Lecce is a clean and spacious town and is to the baroque what Florence is to the renaissance, often being referred to as the “Florence of the South”. There are many things to see in Lecce, of the twenty or so churches in the town, Basilica di Santa Croce is the most impressive. There are ruins of a Roman amphitheatre once capable of accommodating 20,000 spectators, built at the time of Hadrian. To protect its heritage, Lecce’s old town has been restored and renovated and is now a pedestrianised zone.

Castellana Grotte

Castellana Grotte

Possibly the most exciting series of caverns in the whole of Italy.
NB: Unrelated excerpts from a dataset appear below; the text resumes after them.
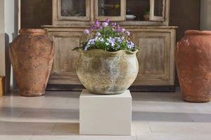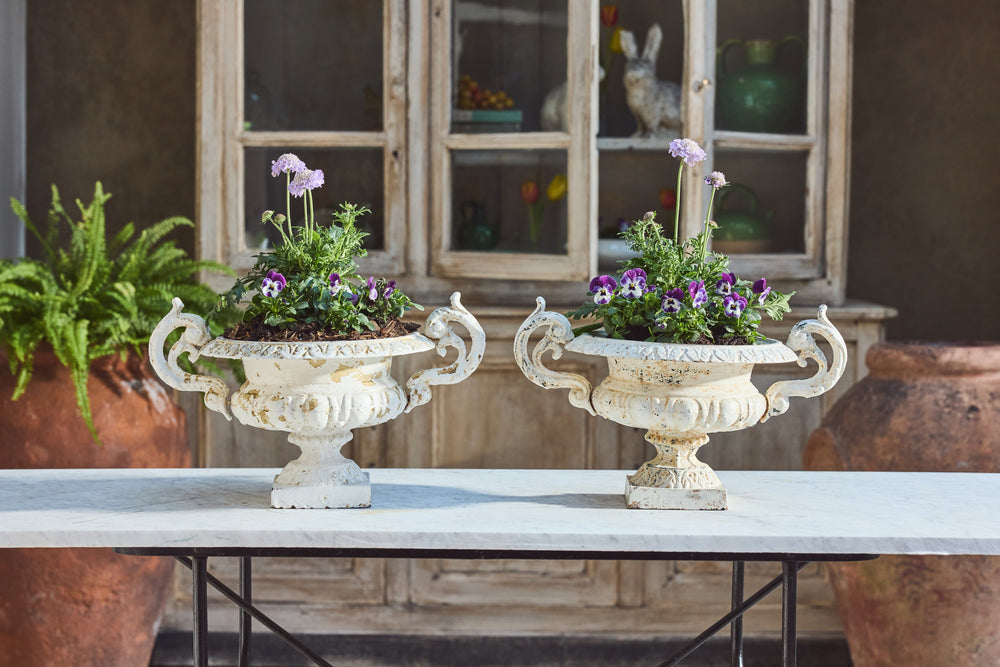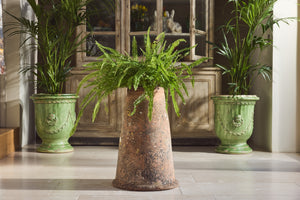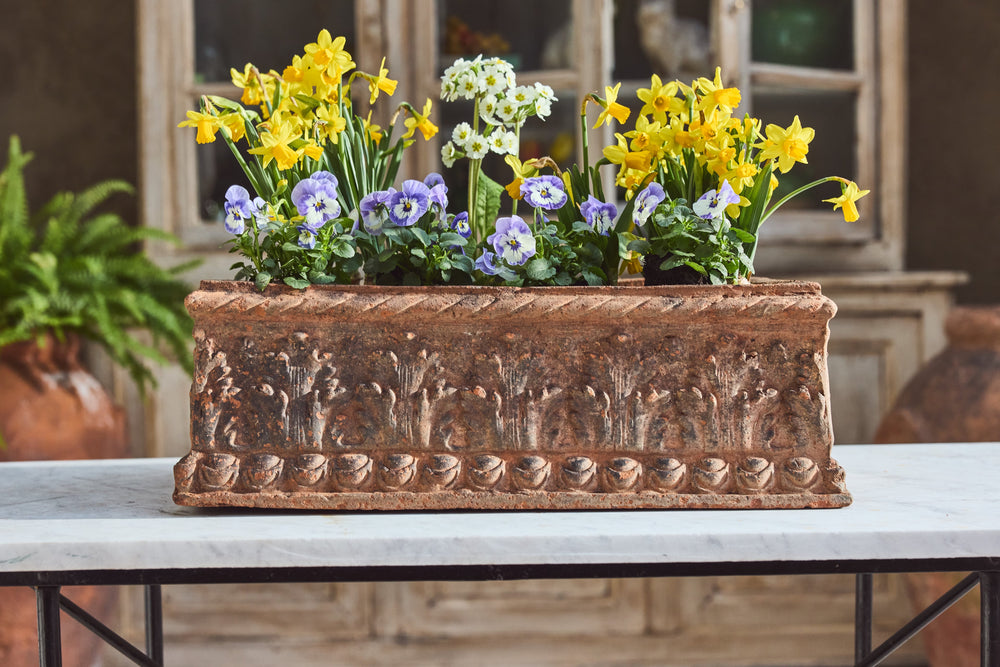 An early 20th-century bottle carrier to which we have added six antique terracotta pots to create an interesting and fun plant display. The carrier was made from a copper alloy and is in its original condition. It is a well-designed, attractive decorative piece in its own right and comes to life when filled with bottles or pots.
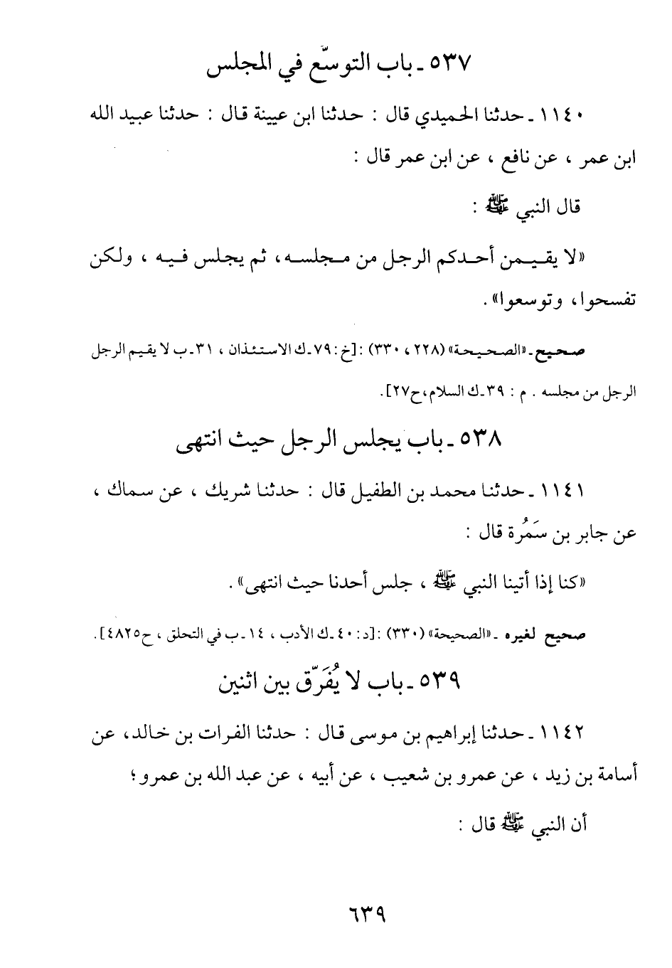 1140 - عن ابن عمر رضي الله عنهما قَالَ: قَالَ النَّبِيُّ صَلَّى اللهُ عَلَيْهِ وَسَلَّمَ: (لَا يُقِيمَنَّ أَحَدُكُمُ الرَّجُلَ مِنْ مَجْلِسِهِ ثُمَّ يجلس فيه ولكن تفسحوا وتوسعوا)
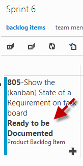 Assume we customized the kanban board and added a ”Ready to be documented” state.

First discovered in 1938 the caves are a series of corridors connecting various chambers, rich in stalagmites and stalactites, in alabaster and other coloured stones. The caves are 1.5km long with an average depth of 65m. The Grotta Bianca (the white cave) is considered, by some the most beautiful cavern in the world because of its brilliant crystalline formations.

 

Matera

Materais located just over the border of Puglia in Basilicata. It is famous for its “sassi” cave dwellings and 120 cave churches, which were dug from the rock in ravines in and around the town. The “sassi” have been inhabited since prehistoric times until 1952 when its peasant population were evicted and re-housed in modern apartments around the new town. The old caves have now become the latest in “designer homes” and over 700 people now live back in the “sassi”. The best view can be obtained on the Strada Panoramica, a scenic road specially built for sightseers. The “sassi” have been declared a World Heritage Site by UNESCO since 1993.Filming for the Mel Gibson film "The Passion of the Christ" was done at Matera, and in May/June 2006 scenes for the upcoming Hollywood movie "Nativity" were also shot in and around the town.

 

Massafra

Back in Puglia, Massafra bears striking similarities to Matera. It is also divided in two by a deep ravine and has many grottos, cave dwellings and cave churches. A dramatic baroque staircase leads to the Madonna della Scala, which was built around an early cave church with a primitive 8th Century crypt.

Castel del Monte

Castel del Monte

A mighty fortress built around 1240 by Emperor Frederick II and one of the greatest medieval buildings of Europe. Its plan is octagonal, built around an octagonal courtyard, flanked by 8 towers which are also octagonal, with 8 rooms on each floor. It is still not known why the peculiar mathematical obsession with the number 8 dominates this structure. The castle is located on a hilltop and can be seen for miles around. UNESCO declared the castle a World Heritage Site in 1996.

Locorotondo

Locorotondo

Locorotondo is a strikingly beautiful town designed in a circular plan (hence the meaning of the name “round place”). It has been referred to as the “balcony of the Valle d’Itria” as it is set on a hilltop at the heart of the Murge and affords spectacular views of the Itria Valley. It is famous for its white wine and a visit to the Cantina del Locorotondo is certainly recommended. At the centre of the beautiful old town you will find the church of San Marco della Greca, a late Gothic building erected by Piero Del Balzo, Prince of Taranto.

Locorotondo is listed as one of "I Borghi piu belli d'Italia"..the most beautiful villages in Italy."

 

Cisternino

Cisternino is located 400 metres above sea level between olive groves and pine woodland. The medieval historical centre is almost of Greek appearance and is made up of white terraced houses with external staircases. The heart of the town is the lovely square with its clock tower. During the summer months and patron saints festivities the main square becomes alive with festivals, concerts and shows.

Cisternino is listed as one of "I Borghi piu belli d'Italia"..the most beautiful villages in Italy."